▶ **Description of the task**
Write out the entries below exactly, but only from the line containing "şi 6700 Posted" through the line containing "of a mystery….", and without the pictures.

▶ **Task data**
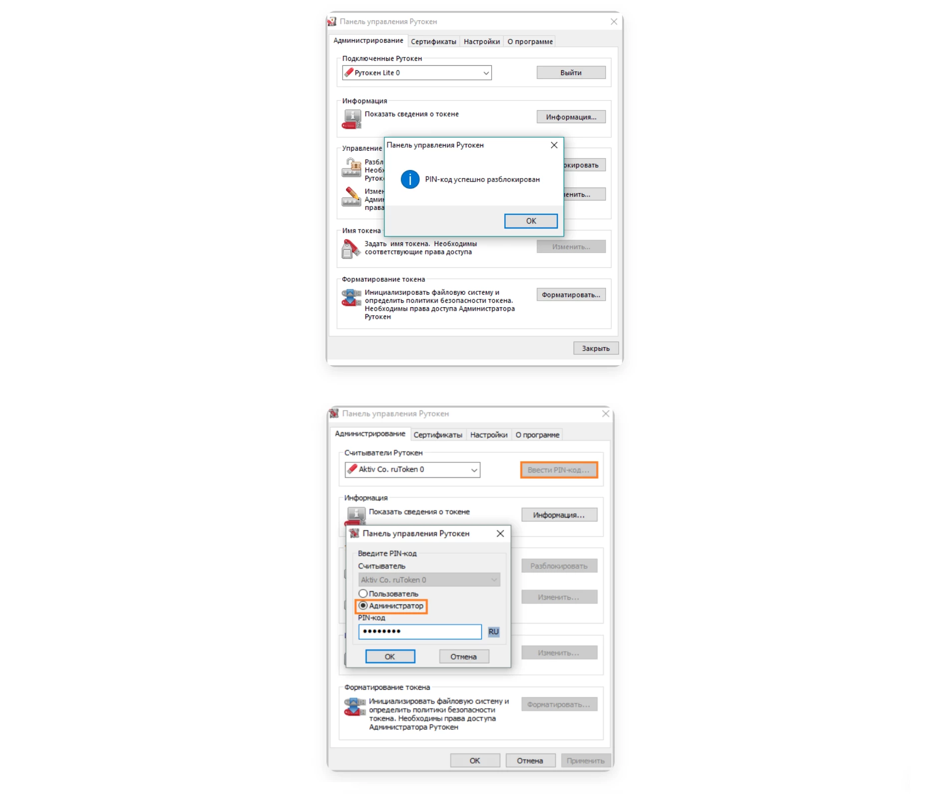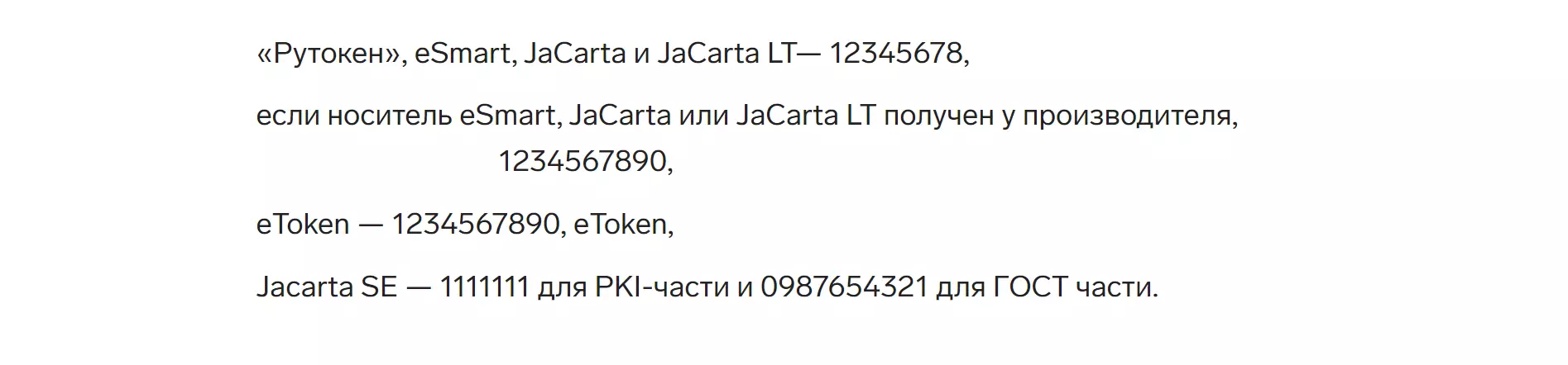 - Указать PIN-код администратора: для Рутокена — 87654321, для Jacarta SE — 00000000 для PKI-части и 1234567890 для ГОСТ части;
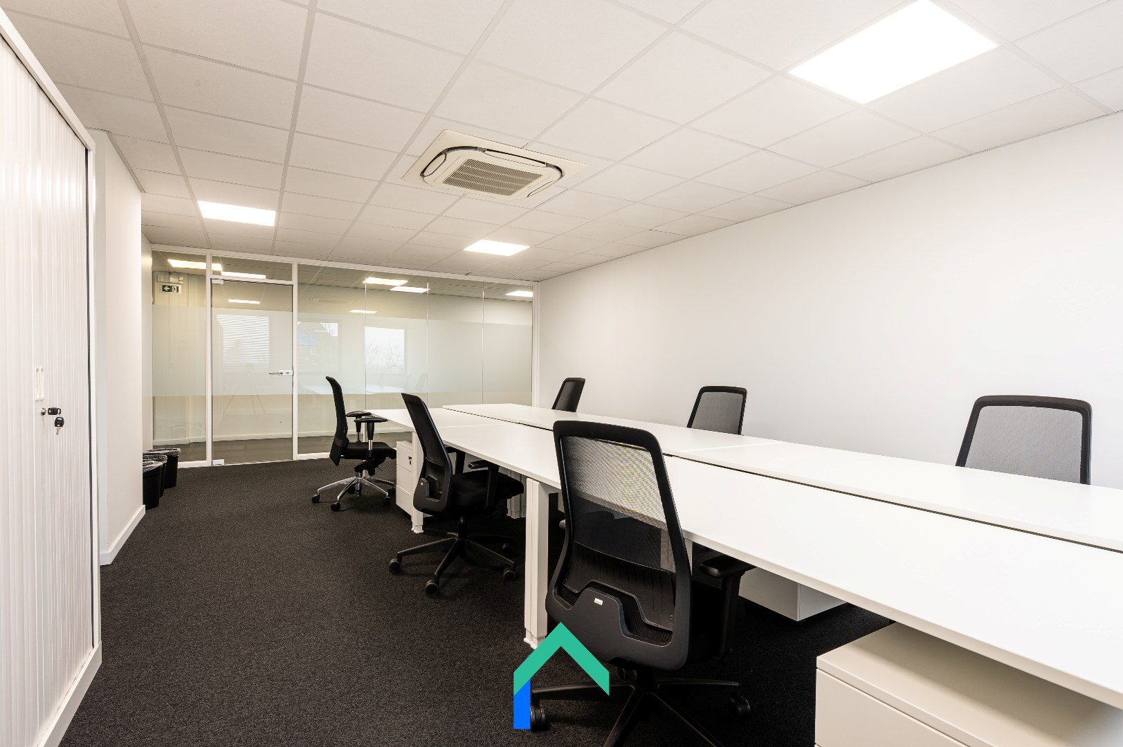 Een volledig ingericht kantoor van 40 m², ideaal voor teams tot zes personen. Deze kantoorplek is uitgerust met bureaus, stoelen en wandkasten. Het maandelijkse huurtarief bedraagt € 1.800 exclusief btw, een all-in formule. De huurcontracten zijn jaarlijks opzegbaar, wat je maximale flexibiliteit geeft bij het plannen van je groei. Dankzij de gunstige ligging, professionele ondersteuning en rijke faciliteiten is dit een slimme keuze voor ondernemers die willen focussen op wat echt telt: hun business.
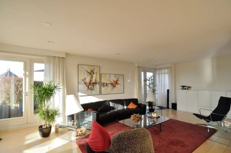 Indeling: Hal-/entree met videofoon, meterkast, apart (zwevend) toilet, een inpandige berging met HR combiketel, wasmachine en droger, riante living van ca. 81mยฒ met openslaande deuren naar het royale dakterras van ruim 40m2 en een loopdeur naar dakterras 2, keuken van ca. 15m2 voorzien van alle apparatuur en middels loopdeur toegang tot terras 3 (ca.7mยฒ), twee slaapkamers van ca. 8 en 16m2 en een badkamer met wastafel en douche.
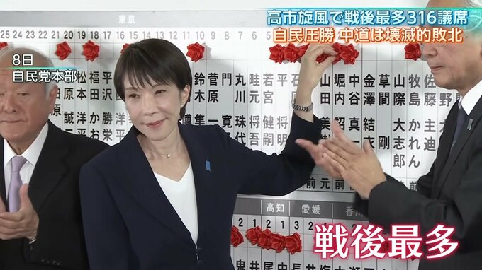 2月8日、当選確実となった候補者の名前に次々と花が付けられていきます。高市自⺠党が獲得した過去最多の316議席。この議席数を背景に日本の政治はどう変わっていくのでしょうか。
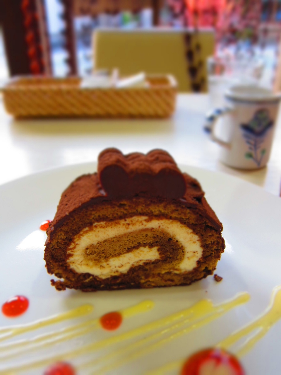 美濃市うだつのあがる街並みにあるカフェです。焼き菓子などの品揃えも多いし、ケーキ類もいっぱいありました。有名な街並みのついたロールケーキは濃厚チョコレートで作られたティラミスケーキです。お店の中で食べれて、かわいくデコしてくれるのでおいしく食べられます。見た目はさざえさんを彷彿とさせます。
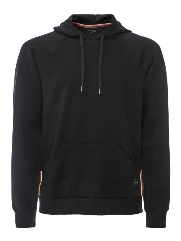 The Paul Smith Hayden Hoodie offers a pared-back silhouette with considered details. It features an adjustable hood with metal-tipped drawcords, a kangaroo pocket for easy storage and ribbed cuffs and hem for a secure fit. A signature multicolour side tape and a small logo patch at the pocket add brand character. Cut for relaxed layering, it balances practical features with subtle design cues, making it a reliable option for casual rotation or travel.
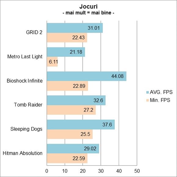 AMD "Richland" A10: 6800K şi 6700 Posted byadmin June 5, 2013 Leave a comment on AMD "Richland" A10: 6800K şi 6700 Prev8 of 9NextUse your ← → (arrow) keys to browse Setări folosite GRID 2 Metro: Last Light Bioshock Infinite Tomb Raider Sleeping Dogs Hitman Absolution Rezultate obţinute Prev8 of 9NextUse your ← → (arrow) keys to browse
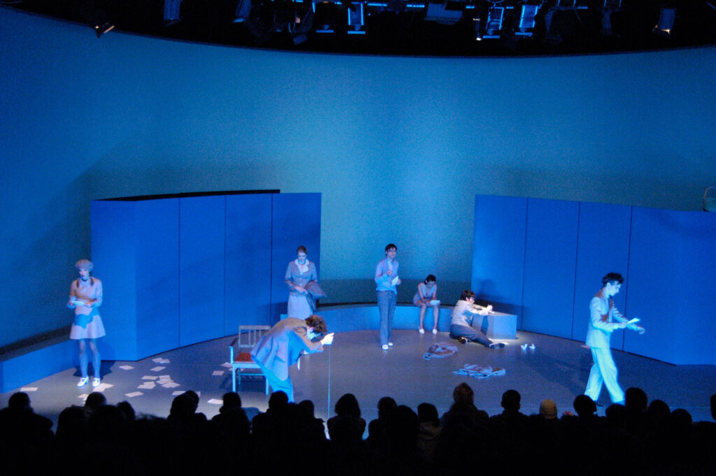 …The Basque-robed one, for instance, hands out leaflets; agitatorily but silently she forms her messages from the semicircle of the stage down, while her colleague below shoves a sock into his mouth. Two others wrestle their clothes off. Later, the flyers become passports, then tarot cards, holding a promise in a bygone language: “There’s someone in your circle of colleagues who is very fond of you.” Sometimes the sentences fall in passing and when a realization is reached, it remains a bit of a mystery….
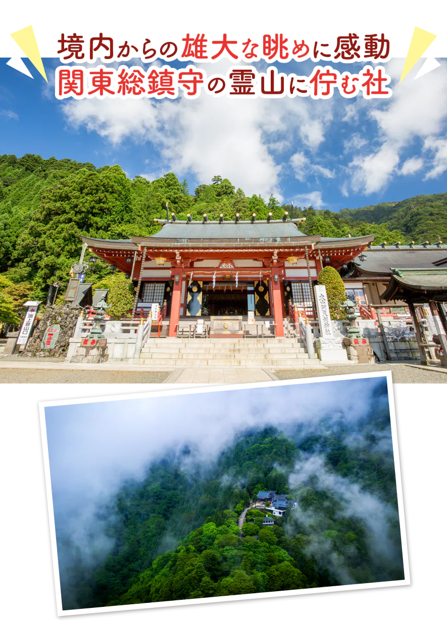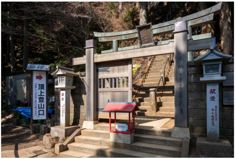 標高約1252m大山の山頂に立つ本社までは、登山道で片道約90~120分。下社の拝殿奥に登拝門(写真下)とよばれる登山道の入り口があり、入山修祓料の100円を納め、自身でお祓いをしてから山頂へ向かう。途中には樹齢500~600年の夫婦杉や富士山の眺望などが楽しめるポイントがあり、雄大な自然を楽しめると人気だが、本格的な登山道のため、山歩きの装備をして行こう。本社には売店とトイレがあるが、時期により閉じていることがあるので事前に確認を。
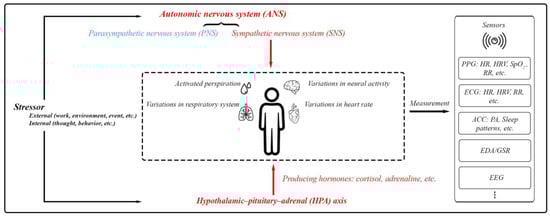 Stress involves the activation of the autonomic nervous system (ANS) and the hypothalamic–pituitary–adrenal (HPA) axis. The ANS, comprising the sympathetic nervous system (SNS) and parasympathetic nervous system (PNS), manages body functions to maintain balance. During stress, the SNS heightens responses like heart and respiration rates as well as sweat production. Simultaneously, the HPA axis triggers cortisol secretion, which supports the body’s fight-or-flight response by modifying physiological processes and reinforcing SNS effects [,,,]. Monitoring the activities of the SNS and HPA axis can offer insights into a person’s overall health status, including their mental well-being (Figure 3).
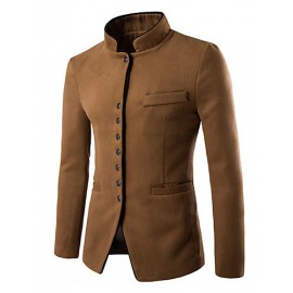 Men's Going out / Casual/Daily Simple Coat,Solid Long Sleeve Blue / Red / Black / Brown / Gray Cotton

▶ **Finished task**
 AMD "Richland" A10: 6800K şi 6700 Posted byadmin June 5, 2013 Leave a comment on AMD "Richland" A10: 6800K şi 6700 Prev8 of 9NextUse your ← → (arrow) keys to browse Setări folosite GRID 2 Metro: Last Light Bioshock Infinite Tomb Raider Sleeping Dogs Hitman Absolution Rezultate obţinute Prev8 of 9NextUse your ← → (arrow) keys to browse
 …The Basque-robed one, for instance, hands out leaflets; agitatorily but silently she forms her messages from the semicircle of the stage down, while her colleague below shoves a sock into his mouth. Two others wrestle their clothes off. Later, the flyers become passports, then tarot cards, holding a promise in a bygone language: “There’s someone in your circle of colleagues who is very fond of you.” Sometimes the sentences fall in passing and when a realization is reached, it remains a bit of a mystery….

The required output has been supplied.